The Constitution, he argued, does not place any constraints on the ability of the states to place restrictions on abortion or even prohibit abortion as they see fit. Therefore, the Supreme Court does not have jurisdiction over Louisiana’s laws put in place by the legislators of the state.

READ: Supreme Court narrowly strikes down Louisiana’s abortion admitting privileges law

No constitutional right to privacy

The Supreme Court legalized abortion in 1973 based on the idea that abortion rights are about privacy.

Thomas argued that the Supreme Court first began using this “free-floating constitutional right to privacy” in Griswold v. Connecticut — the 1965 case that centered around birth control. SCOTUS ruled in that case that a state law prohibiting the use of contraception was unconstitutional because it infringed on married couples’ “right to privacy.”
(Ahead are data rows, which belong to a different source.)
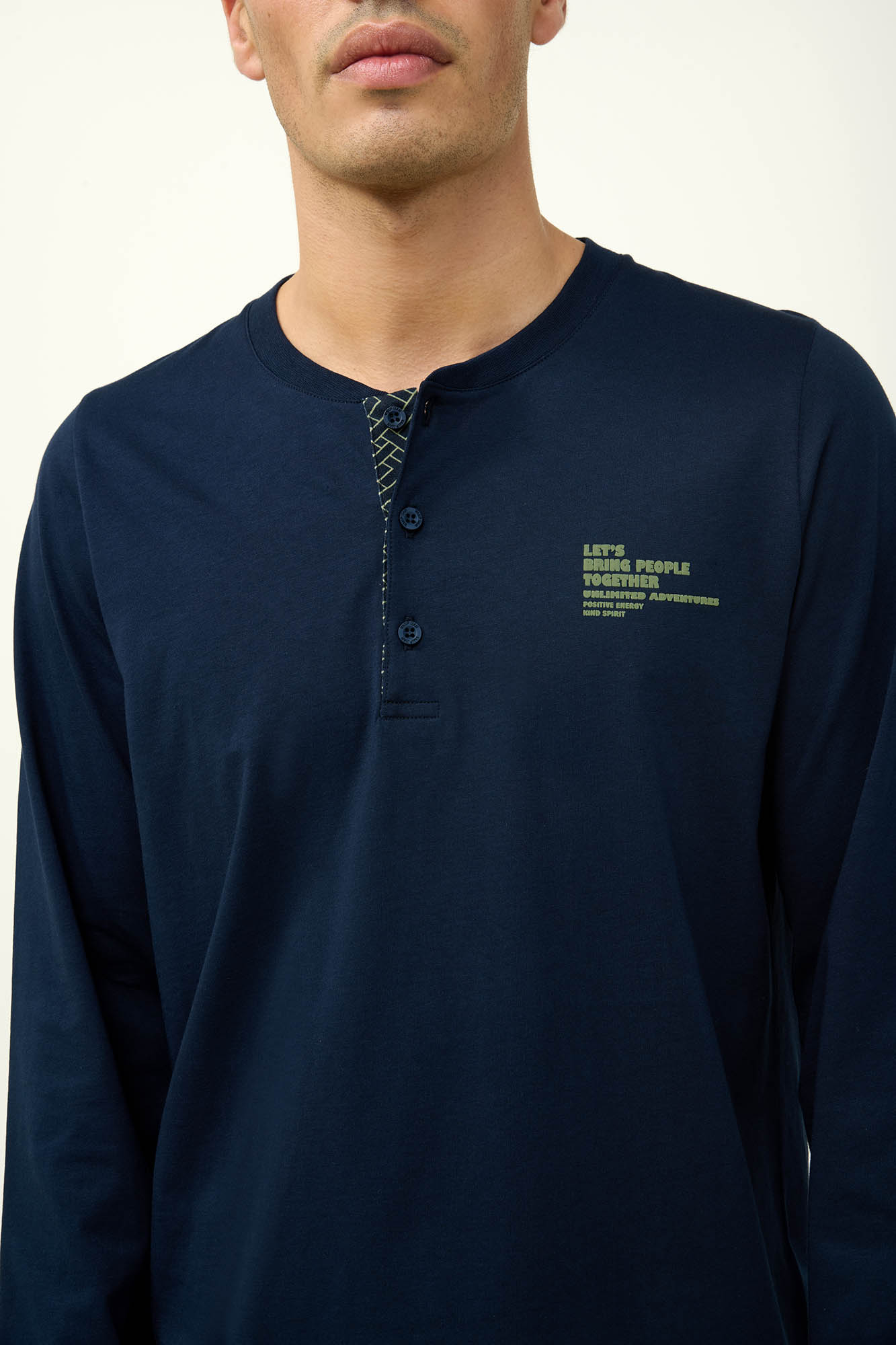 Επιλέξτε ένα σετ χειμερινές ανδρικές πυτζάμες από 100% βαμβάκι s. jersey. Το επάνω μέρος έχει πατιλέτα που προσφέρει άνετη εφαρμογή και κλασικό, καθαρό στυλ, ενώ το παντελόνι με γεωμετρικό μοτίβο χαρίζει μοντέρνο χαρακτήρα. Το απαλό και διαπνέον ύφασμα εξασφαλίζει άνεση όλη τη νύχτα, καθιστώντας αυτό το σετ ιδανικό τόσο για τον ύπνο όσο και για στιγμές χαλάρωσης στο σπίτι. Ένα διαχρονικό κομμάτι για τη χειμερινή σας γκαρνταρόμπα.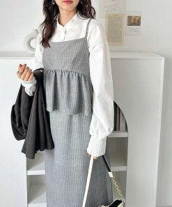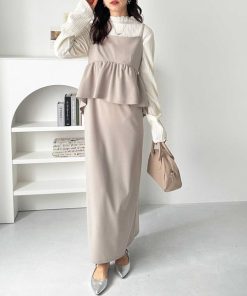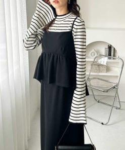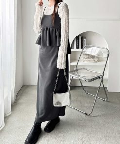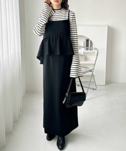 商品名:【新色追加/S-LL展開】 1枚で旬スタイルが完成!細見えペプラムキャミワンピース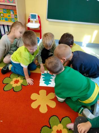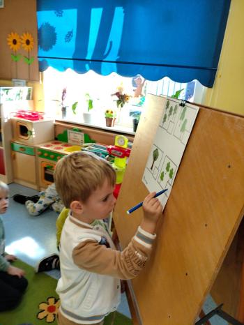 Przyroda jest bardzo ważna w naszym życiu. Wiemy, że musimy o nią dbać, by w przyszłości korzystać z jej uroków. W dniu drzewa przypomnieliśmy sobie ,,Co nam daje las?”, jakie gatunki drzew występują w naszej okolicy, a w różnych zadaniach, w których ,, bohaterem” było drzewo ćwiczyliśmy liczenie, dzieliliśmy wyrazy na sylaby, szukaliśmy cieni drzew i układaliśmy puzzle.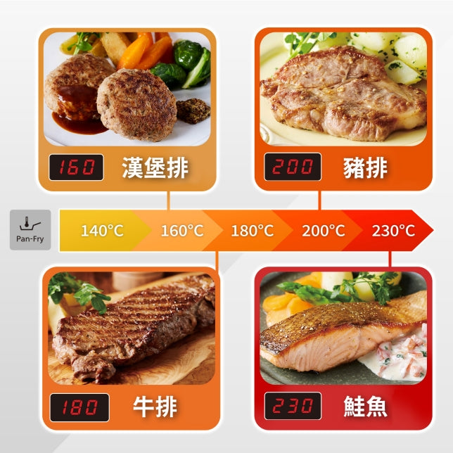 針對不同食物設定合適的溫度,使菜餚油煎到最恰好的美味
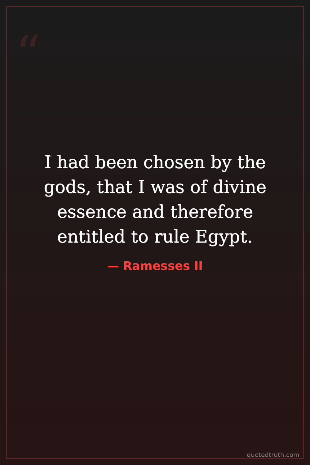 I had been chosen by the gods, that I was of divine essence and therefore entitled to rule Egypt.
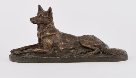 Chien de berger couché, bronze à patine brune, signé, L 37 cm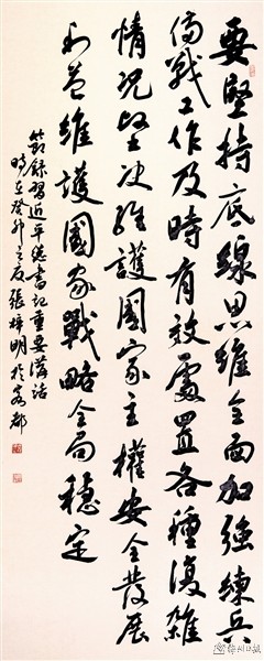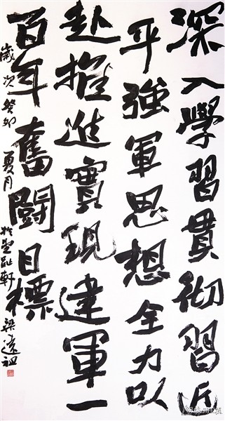 一张张行云流水的书法,一张张美轮美奂的画作,一个个精彩动人的瞬间,多角度展现出艺术家们饱满的热情,呈现出新时代军人风采,有效强化全民国防意识,激发社会爱国拥军情。现选登部分书画作品,与读者共同欣赏。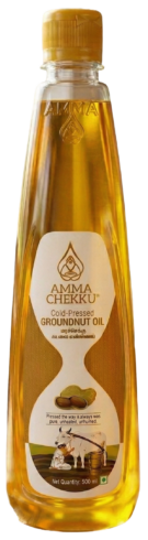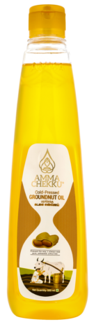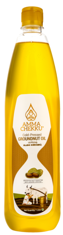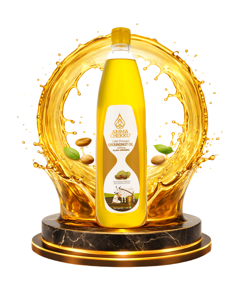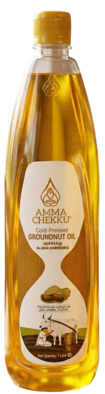 Cold-pressed groundnut oil is extracted from handpicked groundnuts using traditional wooden mills, preserving its natural aroma, rich flavor, and essential nutrients.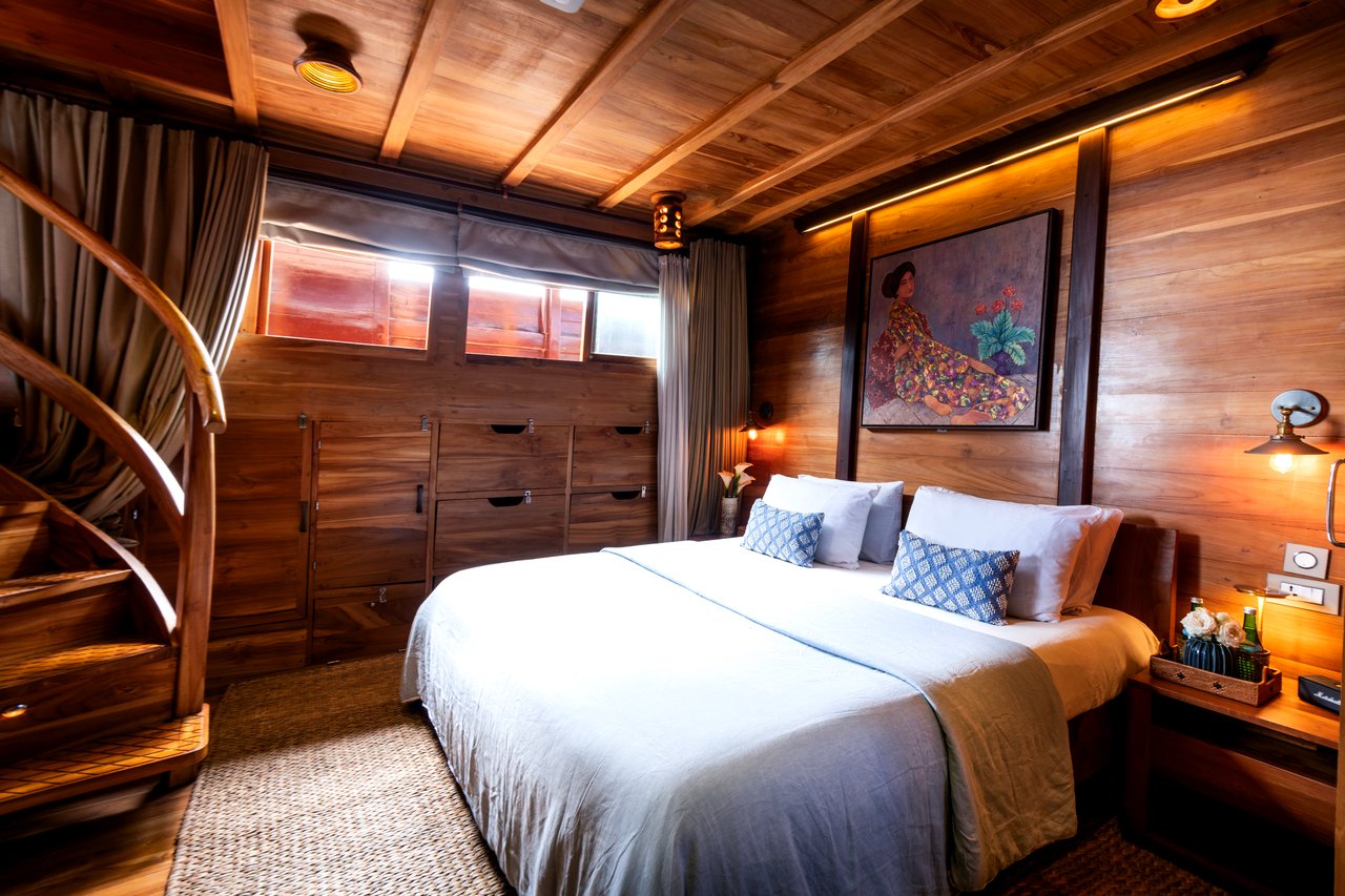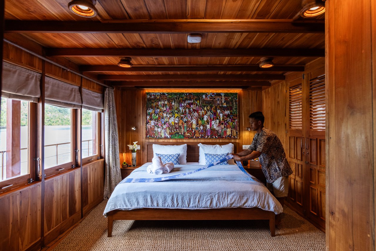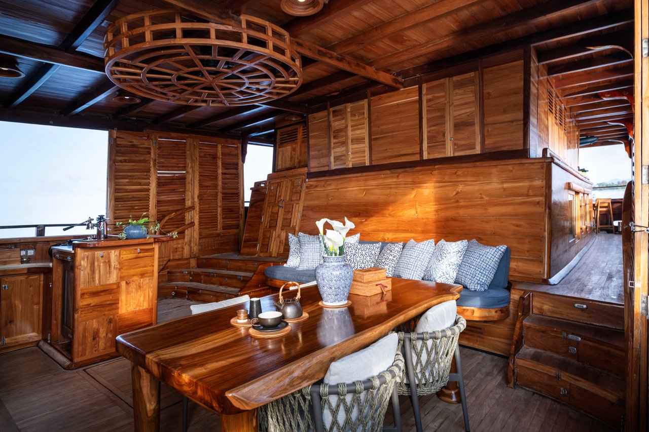 Hand-crafted wooden schooner • Built for Indonesian exploration • Eco-conscious design • Low fuel consumption & no single-use plastics • Silent sailing enabled by advanced materials • Accommodates 6 guests • 3 luxurious cabins • Professional crew of 12 for exceptional service • Unique itineraries • Enjoy 18,000-island archipelago • Cinema, Karaoke • Water maker & Generator

But that “right to privacy” was not a “constitutional guarantee” meant to prevent the “intrusion” of the government, said Thomas. Eight years later, SCOTUS returned to the “right to privacy” argument in the decision of Roe v. Wade. At that time, said Thomas, the Court acknowledged that the Constitution did not provide a right to privacy, but because of Griswold, it did not refer to the text of the Constitution. Instead, it fell back on the Griswold ruling in order to legalize abortion.

“Without any legal explanation, the Court simply concluded that this unwritten right to privacy was ‘broad enough to encompass a woman’s [abortion] decision,'” he wrote.

 

Roe v. Wade is fundamentally wrong at its core

“Roe is grievously wrong for many reasons,” wrote Thomas, “but the most fundamental is that its core holding — that the Constitution protects a woman’s right to abort her unborn child — finds no support in the text of the Fourteenth Amendment.”

Instead of supporting the right to abortion, Thomas argued that Roe deprives individuals of liberty while simply requiring that this deprivation be protected. He calls it absurd that anyone would believe that the crafters of the Fourteenth Amendment would have meant to include a right to abortion.

“The fact that it took this Court over a century to find that right,” he argued, “all but proves that it was more than hidden — it simply was not (and is not) there.”